Durant tous ces moments, de jeunes enfants passaient entre nous avec des petits bouquets de narcisses qu’ils vendaient, nous ne savons plus, 20 ou 30 dinars ; chacun, un a un nous leur en achetions plusieurs. Arrivés face à la tombe, à la terre fraichement retournée, sur laquelle avaient été déposées les couronnes de fleurs officielles, nous venions, chacune et chacun, déposer les bouquets de narcisses sur la tombe, jusqu’à en recouvrir celle-ci et les autres couronnes.
Polyphonie…
Nous avançant face à elle. Et, encore une fois, nous n’avons pu retenir et nos larmes et notre tristesse. Le temps de notre recueillement, nous avons pensé à notre première rencontre avec elle, alors adolescente et lisant Femmes d’Alger dans leur appartement. Durant ce moment, court en soi, mais intense pour nous, nous avons relu, revu les moments où Assia Djebar nous était devenue figure tutélaire, en tant qu’étudiante, en tant qu’universitaire… en tant que femme. Nous sommes restées face à elle en compagnie d’autres personnes. Et tout d’un coup, de nouveaux Tzarl-rit. Et d’une seule voix, polyphonique encore, le cimetière s’est mis à chanter Min Djibalina. Ce cimetière au pied du Mont Chenoua.
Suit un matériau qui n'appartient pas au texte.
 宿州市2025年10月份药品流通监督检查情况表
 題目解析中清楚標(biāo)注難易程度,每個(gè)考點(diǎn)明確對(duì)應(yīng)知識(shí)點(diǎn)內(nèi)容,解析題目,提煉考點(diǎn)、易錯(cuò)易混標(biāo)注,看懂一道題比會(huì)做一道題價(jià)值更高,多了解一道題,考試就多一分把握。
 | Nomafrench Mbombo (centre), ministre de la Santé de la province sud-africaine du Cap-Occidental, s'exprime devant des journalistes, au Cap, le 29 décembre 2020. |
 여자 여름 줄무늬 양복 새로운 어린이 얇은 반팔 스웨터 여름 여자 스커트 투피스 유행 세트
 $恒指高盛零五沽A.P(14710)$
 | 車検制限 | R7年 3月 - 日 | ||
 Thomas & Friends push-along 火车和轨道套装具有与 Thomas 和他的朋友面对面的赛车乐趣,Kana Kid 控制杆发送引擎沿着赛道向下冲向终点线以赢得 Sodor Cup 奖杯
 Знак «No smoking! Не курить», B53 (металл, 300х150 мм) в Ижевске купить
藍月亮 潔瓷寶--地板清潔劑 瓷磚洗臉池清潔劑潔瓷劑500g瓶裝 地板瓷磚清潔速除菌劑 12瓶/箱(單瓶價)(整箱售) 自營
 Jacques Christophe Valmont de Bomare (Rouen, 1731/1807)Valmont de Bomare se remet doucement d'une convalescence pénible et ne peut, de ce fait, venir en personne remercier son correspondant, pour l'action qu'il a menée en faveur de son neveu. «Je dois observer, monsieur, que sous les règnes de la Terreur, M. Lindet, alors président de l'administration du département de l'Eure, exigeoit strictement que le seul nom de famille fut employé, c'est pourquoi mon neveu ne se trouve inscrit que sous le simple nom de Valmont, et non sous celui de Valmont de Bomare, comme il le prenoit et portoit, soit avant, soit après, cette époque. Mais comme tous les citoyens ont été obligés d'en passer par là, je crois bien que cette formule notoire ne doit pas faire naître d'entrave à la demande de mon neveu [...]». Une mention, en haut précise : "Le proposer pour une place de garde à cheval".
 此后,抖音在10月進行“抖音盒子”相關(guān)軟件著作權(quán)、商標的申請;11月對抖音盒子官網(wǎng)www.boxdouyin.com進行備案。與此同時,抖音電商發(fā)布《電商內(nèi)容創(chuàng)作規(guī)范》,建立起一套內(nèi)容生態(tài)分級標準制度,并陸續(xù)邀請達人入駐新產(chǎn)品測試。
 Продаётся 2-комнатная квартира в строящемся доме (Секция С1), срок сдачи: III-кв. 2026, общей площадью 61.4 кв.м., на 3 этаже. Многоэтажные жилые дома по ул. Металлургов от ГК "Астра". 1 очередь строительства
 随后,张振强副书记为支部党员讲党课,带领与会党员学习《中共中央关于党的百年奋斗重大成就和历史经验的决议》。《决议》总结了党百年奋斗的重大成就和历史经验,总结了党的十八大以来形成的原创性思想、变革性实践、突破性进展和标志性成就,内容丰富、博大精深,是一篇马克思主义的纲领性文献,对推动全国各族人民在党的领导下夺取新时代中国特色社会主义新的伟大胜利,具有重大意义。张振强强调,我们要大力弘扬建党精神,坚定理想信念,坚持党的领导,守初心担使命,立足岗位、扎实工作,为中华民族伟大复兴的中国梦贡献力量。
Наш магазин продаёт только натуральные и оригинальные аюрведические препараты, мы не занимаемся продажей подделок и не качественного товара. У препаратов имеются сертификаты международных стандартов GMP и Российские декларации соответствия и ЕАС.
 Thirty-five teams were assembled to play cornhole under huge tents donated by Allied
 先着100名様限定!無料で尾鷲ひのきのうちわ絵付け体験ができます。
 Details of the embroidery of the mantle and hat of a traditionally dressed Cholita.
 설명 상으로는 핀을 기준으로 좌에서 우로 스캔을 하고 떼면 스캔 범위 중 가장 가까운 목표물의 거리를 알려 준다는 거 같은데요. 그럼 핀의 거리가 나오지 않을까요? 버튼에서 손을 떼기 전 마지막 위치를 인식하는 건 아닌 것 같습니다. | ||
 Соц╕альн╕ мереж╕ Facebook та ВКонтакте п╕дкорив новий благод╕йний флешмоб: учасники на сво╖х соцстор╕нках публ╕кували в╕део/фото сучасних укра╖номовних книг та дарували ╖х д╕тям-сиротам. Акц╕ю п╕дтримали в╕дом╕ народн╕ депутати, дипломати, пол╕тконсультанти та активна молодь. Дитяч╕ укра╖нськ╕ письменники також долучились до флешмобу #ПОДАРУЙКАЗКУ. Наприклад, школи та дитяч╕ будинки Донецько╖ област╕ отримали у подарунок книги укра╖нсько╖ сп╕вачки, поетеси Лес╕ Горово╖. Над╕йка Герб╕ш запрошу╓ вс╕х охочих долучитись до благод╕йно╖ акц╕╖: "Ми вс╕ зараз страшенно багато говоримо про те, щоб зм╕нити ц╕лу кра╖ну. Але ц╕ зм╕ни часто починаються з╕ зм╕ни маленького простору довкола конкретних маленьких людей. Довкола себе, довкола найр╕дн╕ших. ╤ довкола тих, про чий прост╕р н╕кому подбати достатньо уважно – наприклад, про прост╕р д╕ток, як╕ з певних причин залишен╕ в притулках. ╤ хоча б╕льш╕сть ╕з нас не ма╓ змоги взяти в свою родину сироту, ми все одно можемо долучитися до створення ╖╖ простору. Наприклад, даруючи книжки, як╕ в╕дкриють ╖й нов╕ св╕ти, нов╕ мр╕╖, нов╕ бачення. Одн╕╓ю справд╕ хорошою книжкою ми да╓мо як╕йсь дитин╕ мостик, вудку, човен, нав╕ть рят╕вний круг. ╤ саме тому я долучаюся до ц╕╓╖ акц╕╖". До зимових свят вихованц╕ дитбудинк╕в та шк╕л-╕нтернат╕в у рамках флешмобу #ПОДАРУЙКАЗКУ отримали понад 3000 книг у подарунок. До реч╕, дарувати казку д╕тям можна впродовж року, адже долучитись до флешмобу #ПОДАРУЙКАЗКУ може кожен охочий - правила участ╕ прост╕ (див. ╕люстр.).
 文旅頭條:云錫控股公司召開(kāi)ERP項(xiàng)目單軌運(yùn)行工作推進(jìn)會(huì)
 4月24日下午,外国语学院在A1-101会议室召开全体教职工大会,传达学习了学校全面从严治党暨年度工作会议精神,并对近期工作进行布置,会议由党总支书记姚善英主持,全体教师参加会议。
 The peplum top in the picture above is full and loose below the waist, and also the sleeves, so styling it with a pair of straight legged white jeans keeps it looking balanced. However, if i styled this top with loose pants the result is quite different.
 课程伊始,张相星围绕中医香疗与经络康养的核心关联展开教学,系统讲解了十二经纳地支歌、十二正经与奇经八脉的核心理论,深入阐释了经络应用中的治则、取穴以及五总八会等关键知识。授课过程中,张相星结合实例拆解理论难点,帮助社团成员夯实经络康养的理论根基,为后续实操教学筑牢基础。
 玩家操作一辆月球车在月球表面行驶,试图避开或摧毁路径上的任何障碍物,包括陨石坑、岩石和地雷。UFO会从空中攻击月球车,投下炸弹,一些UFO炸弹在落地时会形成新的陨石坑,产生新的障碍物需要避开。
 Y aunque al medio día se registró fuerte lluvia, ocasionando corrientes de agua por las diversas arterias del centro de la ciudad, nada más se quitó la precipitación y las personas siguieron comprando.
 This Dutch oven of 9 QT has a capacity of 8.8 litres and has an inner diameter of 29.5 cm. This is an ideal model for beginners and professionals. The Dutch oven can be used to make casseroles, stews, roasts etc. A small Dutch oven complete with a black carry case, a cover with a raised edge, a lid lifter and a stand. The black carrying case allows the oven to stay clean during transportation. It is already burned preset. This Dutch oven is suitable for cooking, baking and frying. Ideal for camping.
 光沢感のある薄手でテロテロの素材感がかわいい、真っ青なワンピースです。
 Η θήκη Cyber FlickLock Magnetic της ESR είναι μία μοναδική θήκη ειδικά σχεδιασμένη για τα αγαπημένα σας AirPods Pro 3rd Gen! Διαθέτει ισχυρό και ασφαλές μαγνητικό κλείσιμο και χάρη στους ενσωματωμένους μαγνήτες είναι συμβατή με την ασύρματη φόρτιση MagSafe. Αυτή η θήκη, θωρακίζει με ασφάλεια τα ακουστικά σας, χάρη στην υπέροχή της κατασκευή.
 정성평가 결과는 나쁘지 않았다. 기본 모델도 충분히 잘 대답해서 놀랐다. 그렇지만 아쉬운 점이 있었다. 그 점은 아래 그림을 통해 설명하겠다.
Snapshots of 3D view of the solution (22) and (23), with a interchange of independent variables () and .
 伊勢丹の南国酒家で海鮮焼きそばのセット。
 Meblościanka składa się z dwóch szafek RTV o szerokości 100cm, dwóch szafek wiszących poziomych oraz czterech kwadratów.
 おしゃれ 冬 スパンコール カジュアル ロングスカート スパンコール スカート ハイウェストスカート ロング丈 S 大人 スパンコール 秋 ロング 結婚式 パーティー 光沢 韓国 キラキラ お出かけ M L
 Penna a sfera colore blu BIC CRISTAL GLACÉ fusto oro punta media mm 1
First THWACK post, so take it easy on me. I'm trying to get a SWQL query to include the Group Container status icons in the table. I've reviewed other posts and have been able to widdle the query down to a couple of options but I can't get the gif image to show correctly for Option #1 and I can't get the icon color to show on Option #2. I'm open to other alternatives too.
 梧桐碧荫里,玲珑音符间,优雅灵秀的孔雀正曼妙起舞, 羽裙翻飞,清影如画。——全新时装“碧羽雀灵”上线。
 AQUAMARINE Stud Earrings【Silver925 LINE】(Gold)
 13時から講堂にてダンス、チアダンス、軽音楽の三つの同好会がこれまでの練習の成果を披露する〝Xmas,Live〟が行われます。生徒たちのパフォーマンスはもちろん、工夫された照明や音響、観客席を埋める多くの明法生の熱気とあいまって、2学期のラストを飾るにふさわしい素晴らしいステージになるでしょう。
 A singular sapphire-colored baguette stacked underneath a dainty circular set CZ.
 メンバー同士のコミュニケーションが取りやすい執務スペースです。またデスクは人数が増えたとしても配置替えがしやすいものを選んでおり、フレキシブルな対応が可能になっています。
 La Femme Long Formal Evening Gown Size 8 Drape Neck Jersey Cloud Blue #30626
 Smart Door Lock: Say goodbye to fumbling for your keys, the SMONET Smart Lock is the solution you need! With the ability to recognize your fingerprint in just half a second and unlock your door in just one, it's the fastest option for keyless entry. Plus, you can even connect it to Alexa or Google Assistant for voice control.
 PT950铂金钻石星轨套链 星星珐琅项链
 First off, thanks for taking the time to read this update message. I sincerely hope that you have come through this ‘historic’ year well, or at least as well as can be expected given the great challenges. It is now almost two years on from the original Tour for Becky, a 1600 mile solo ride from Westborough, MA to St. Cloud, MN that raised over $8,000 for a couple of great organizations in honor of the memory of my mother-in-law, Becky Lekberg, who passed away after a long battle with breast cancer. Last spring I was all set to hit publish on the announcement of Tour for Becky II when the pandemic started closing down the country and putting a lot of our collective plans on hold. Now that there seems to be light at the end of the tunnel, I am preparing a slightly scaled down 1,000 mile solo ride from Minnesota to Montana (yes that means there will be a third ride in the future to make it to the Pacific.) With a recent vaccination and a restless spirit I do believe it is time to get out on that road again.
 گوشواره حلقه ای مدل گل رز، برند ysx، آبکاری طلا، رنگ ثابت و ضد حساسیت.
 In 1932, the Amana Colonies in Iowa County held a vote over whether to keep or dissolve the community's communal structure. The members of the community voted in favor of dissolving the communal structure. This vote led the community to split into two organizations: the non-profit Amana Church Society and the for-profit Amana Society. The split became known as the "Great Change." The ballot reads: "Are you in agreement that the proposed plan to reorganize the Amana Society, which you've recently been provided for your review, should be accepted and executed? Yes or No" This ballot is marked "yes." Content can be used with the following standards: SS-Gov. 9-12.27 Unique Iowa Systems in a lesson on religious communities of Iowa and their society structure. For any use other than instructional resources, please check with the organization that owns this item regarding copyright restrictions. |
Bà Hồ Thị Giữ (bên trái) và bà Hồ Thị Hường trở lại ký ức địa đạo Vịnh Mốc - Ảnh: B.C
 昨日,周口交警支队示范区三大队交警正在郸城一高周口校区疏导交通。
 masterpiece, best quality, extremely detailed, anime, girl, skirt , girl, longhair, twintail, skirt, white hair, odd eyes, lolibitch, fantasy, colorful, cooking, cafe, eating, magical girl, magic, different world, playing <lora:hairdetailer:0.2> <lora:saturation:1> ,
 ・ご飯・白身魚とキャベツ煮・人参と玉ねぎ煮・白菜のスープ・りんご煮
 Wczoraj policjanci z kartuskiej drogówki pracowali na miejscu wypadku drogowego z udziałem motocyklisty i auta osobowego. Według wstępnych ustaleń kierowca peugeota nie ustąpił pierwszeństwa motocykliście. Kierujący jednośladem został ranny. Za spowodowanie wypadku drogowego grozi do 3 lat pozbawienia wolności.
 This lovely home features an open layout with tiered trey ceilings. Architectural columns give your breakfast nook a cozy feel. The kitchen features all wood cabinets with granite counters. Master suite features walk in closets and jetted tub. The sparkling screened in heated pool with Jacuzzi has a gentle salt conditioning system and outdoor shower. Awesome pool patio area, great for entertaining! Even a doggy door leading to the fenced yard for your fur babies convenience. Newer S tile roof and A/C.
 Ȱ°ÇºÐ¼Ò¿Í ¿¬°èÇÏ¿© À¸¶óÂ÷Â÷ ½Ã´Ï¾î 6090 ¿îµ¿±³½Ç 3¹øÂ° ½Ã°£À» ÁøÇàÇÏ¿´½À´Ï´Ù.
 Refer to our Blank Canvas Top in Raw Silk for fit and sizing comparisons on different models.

Assia Djebar n’a pas été mise en terre qu’avec honneur et fierté rendue à son talent et sa gloire, elle a été célébrée et reconnue sienne parmi les siens.
Alors que nous quittions le cimetière en bus, le groupe réuni, de femmes du monde universitaire, politique, d’anonymes et d’hommes, se met à parler, rire et soudain, à chanter presque par instinct, le chant traditionnel des mariages de Cherchell selon le rite de Sidi Maâmar. En effet, selon la tradition, un chant est entonné. Alors que nous laissions le cimetière empli de narcisses dont l’exhalaison nous poursuivait encore, nous laissions, en définitive, une mariée à sa nouvelle demeure, en lui chantant et en faisant des Tzarl-rit.
La mariée, à la tête ceinte d’un foulard auquel sont allumées deux bougies, était ce jour-là enveloppée du drapeau de son Pays qui lui a rendu l’ultime hommage. Le cheval a pris forme d’un cercueil, mais cela n’a pas empêché Fatima-Zohra Imalayène de devenir cavalière pour une ultime fantasia. La tunique de Nessus, le drapeau algérien, devenant son burnous. Elle, qui signait son dernier ouvrage en ayant nulle part dans la maison de son père, a été enterrée à Cherchell pour mieux épouser sa terre, pour l’éternité et en rappelant notre cher et disparu Hamid Nacer Khodja : « Je pleure une morte, je salue une immortelle ». Il nous reste, alors, comme elle, à nous enivrer de ce parfum de narcisses non plus arrosés de larmes, mais de la joie de la retrouver page à page, de la lire encore et encore, et de chanter avec elle : La lecture sera mon ivresse ! La seule… Assia Djebar
* Doctorante en lettres à l’Université de Lorraine, chercheur en Lettres, membre associé au CRASC, UCCLLA.